Service A and B can keep doing their work independently without blocking other clients.
Some examples are Kafka, RabbitMQ, AWS SQS, etc..

1.18.2. Publisher-Subscriber Pattern (Pub/Sub Pattern)

One publisher broadcasts a message which multiple subscribers can consume.
For example, Service A broadcasts "Order created". Service B (billing) and Service C (inventory), which subscribed to it, will now act on it.
Multiple consumers can react differently on the same event at the same time.
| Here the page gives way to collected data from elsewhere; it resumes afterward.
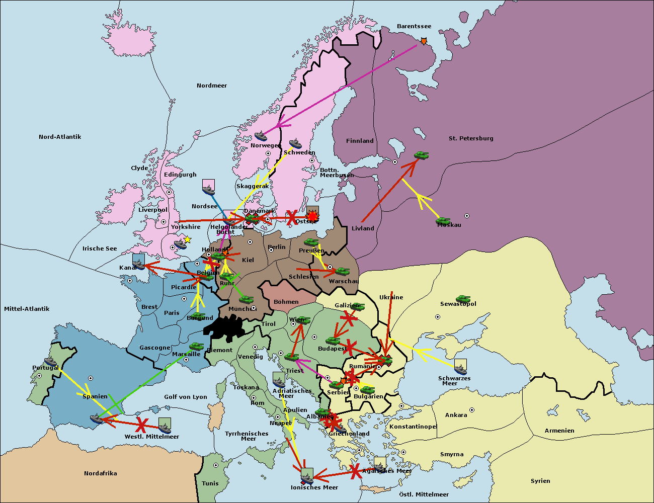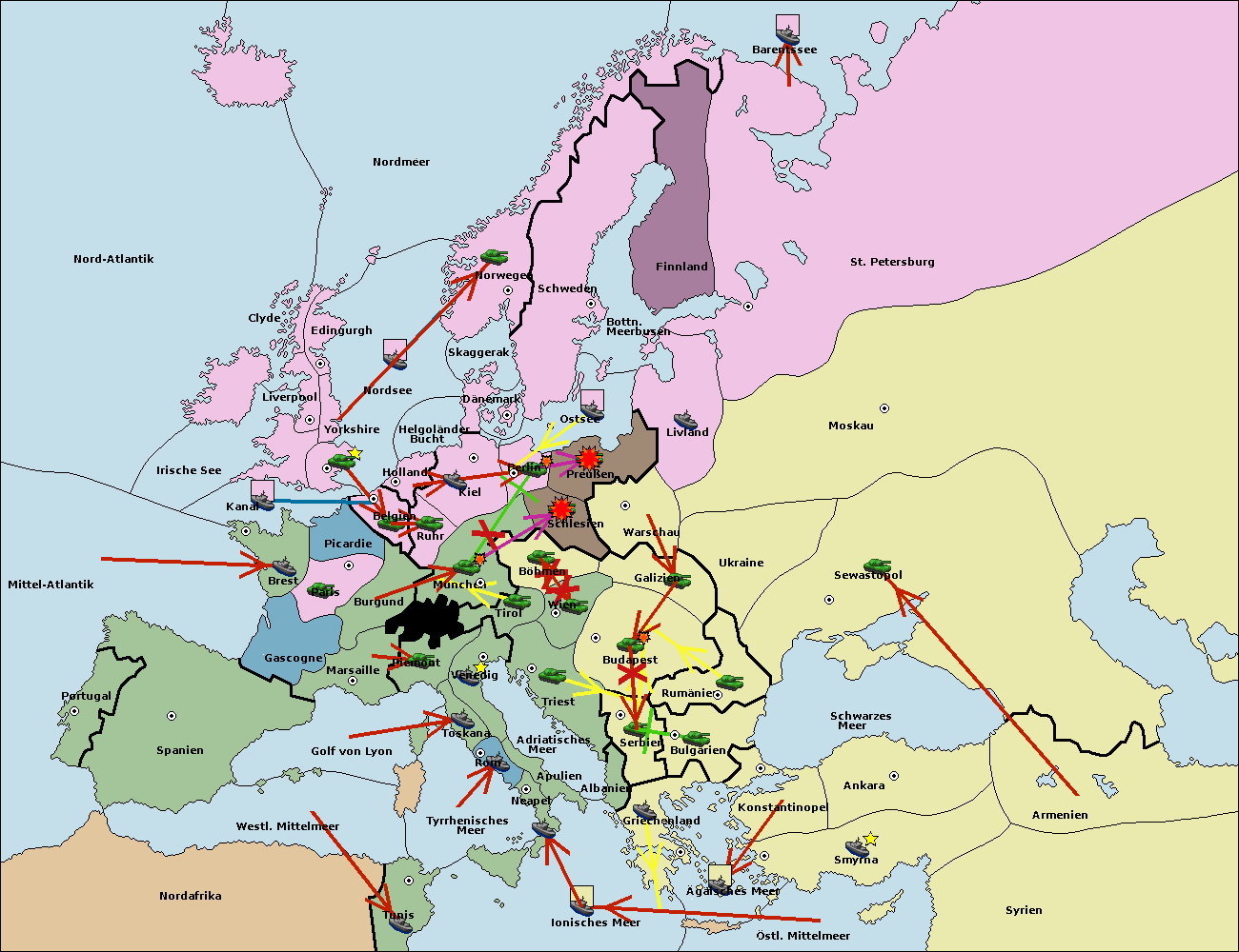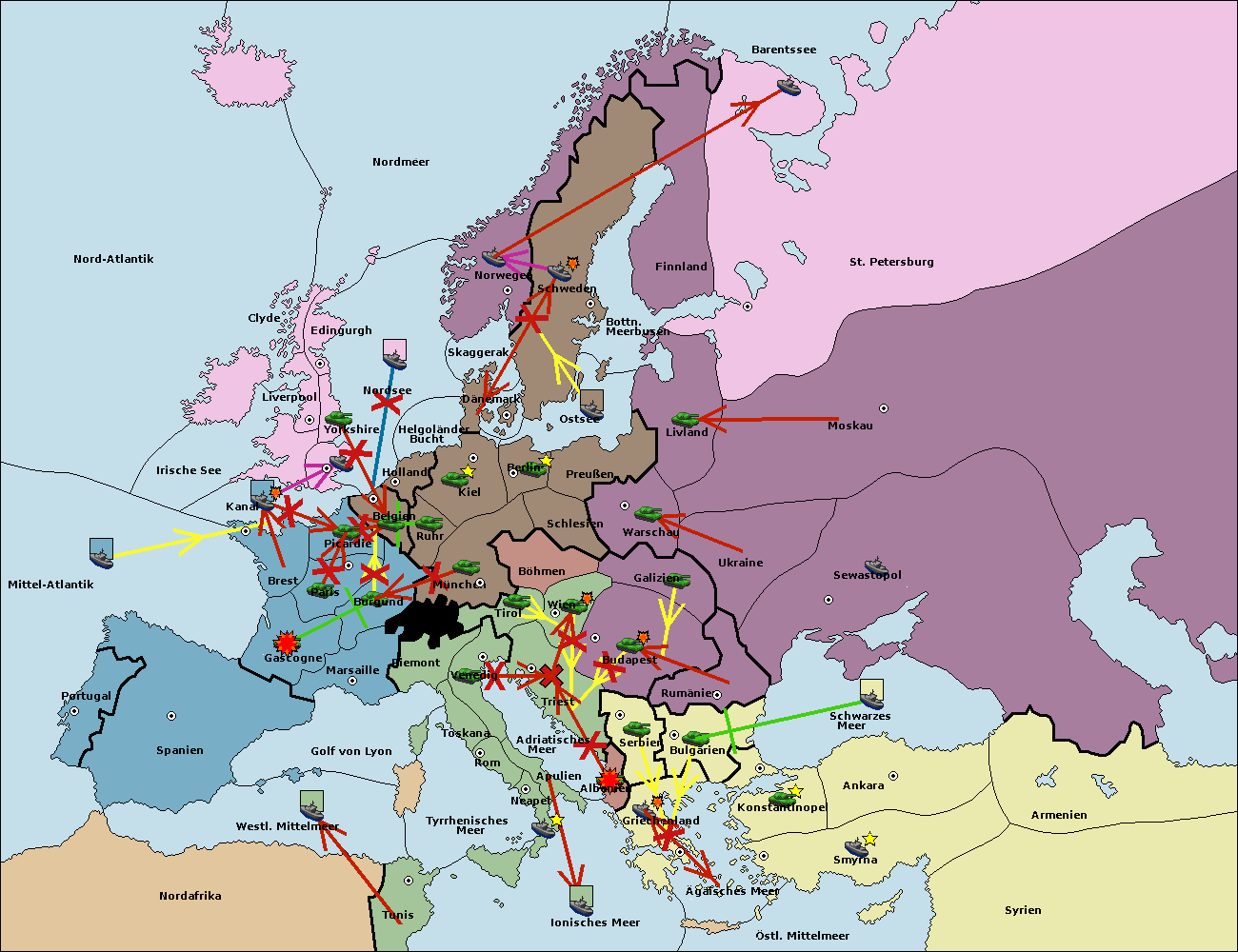 • Die Armee in Triest support move nach Serbien von Bulgarien.
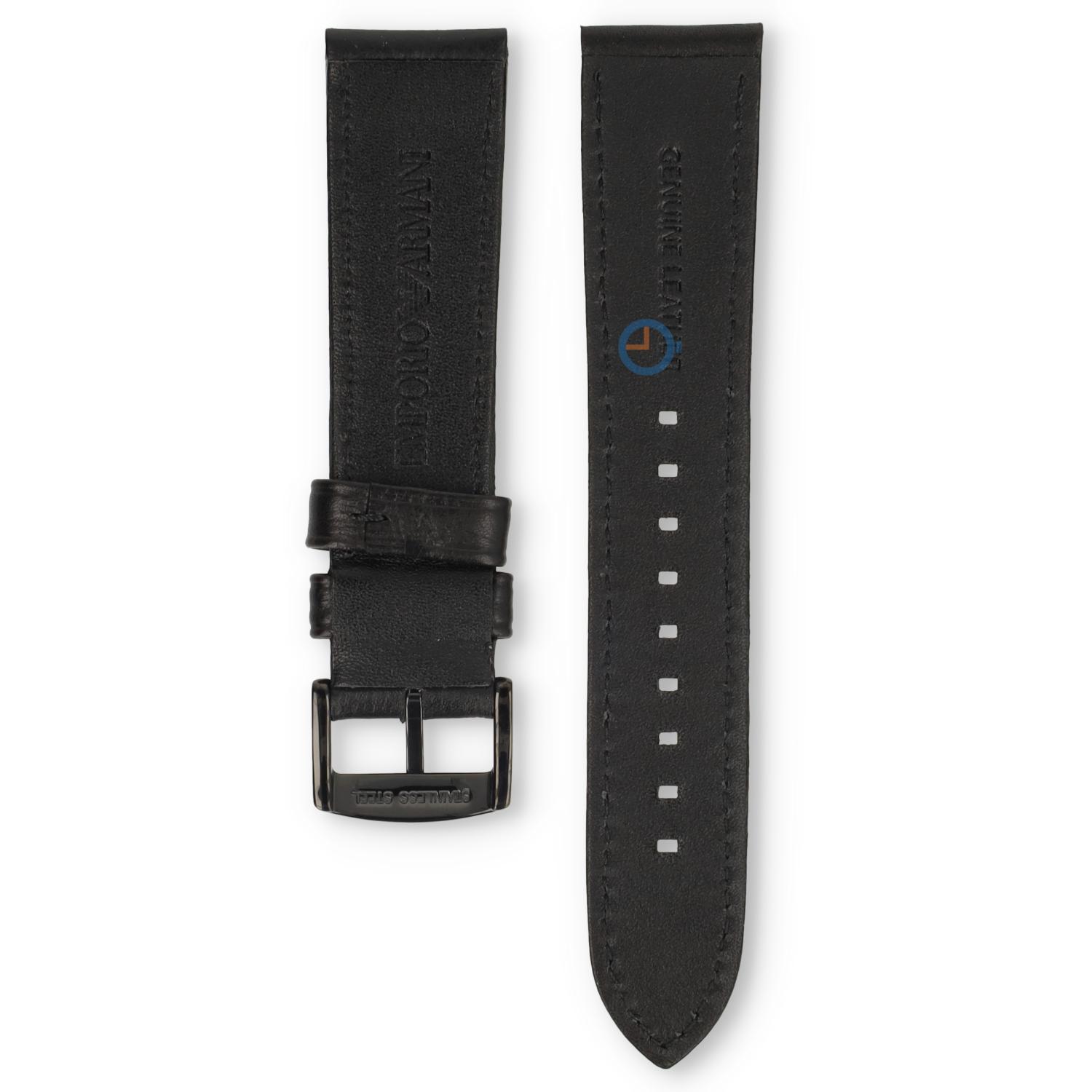 Arman horlogeband AR1732. Deze zwart lederen horlogeband is 20mm breed en heeft een zwarte gespsluitng. In de sluiting staat het Armani logo gestanst. U kunt deze horlogeband eenvoudig zelf vervangen, bekijk hiervoor de instrucitievideo in de shop.
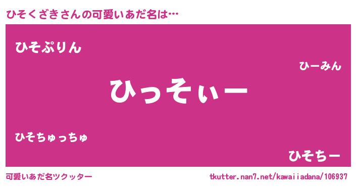 | ポケモン風あだ名 | 『ヒヒソクザキ』『ヒソキング』 |

1.19. Monolith vs Microservices

1.19.1. Monolith

This is a server architecture where there is just a single, unified codebase.
All services resides in just one codebase.
There is only one thing to deploy here.
It is simple to build but very hard to scale.
You would have to scale the entire server instead of an individual service.
Tight coupling.

1.19.2. Microservices

System is decomposed into multiple small services.
Each service can be scaled individually depending on the requirements.
One service goes down, the rest are unbothered.
Services are loosely coupled.
For inter-service communication, gSRP is preferred over REST APIs.

2. Let's Design!

We'll gradually increase the difficulty here. Let's start with easy problems first.

2.1. Warm-Up

2.1.1. URL Shortener Design

Recommended video: https://www.youtube.com/watch?v=qSJAvd5Mgio

Step 1: Gather Requirements
- The first step when tackling a system design problem is gathering information.
- There are two types of this: functional and non-functional.
1. Functional Requirements
  - These are the real world or non technical requirements.